洗顔は低刺激の洗顔料を使ってやさしく行い、ヒアルロン酸・セラミド・ナイアシンアミドなど、保水力を高める成分が含まれた化粧水や乳液、クリームでしっかり保湿しましょう。
ニキビをくり返している場合は、ニキビケアと並行して行うことも大切です。当院の野田院長が開発した「ベーシックケアAZシリーズ」は、アゼライン酸・ナイアシンアミド・セラミドなど、ニキビ肌に適した成分を配合しています。
詳しくはこちらをご覧ください。
赤みのある肌は紫外線の影響を受けやすくなっています。毎朝の日焼け止めの使用を習慣にしましょう。SPF30以上・低刺激性の製品がとくにおすすめです。

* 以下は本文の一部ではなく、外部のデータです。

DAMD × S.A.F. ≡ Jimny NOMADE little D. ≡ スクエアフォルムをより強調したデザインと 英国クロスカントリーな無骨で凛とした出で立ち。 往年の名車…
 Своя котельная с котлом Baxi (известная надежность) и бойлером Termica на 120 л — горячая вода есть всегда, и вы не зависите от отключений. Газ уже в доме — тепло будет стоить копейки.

また睡眠不足やストレスは皮脂分泌や炎症を助長し、肌の回復力を低下させる原因になります。脂っこい食事や暴飲暴食、偏った食生活も悪化要因となるため、生活習慣の見直しも意識してみてください。
悪化させるNG行為
ニキビやその炎症後の肌は非常に敏感です。以下のような行為は悪化につながるため避けましょう。
- ニキビを潰すこと:細菌が広がり、真皮まで傷が及ぶ可能性があります。
- 肌をこする・洗いすぎること:刺激によって赤みが悪化します。
- 過度なピーリングやスクラブ洗顔:ターンオーバーを促そうとして、かえって肌への刺激が強くなります。

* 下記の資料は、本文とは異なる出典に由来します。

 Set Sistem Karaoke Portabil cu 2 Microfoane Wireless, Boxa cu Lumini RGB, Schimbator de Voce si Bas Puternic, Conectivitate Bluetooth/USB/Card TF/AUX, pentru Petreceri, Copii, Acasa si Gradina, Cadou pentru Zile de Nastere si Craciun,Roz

赤みを放置すると紫外線の影響で色素沈着を起こしたり、凹みとして残ってしまうリスクもあります。日々の保湿と紫外線対策はしっかりと続けましょう。
皮膚科に相談するタイミング
保湿やスキンケアをしっかり続けていても、重度のニキビ跡では赤みがなかなか引かないこともあります。時間の経過とともに、赤みが茶色く変化し、平坦だった跡が盛り上がったり凹んだりすることもあります。
肌の炎症を悪化させないためには、ニキビを長引かせず・繰り返させないことが何より大切です。赤ニキビ・黄ニキビなど、炎症が強い状態が続いている場合は、できるだけ早く皮膚科を受診しましょう。
半年以上経っても赤みが引かない場合や、赤みが濃くなってきた・凹みが出てきた場合は、自然に改善する可能性が低くなります。クレーター状の凹みになってしまうと、自宅でのケアや塗り薬だけでの改善は難しいです。
数カ月たっても赤みが残っている方、できるだけ早く改善したいと考えている方は、悪化する前に早めに皮膚科へご相談ください。
皮膚科でのニキビ跡の赤みの治療方法

赤ニキビ・黄ニキビが残っていてニキビを繰り返している場合は、まずニキビ自体の治療を優先しましょう。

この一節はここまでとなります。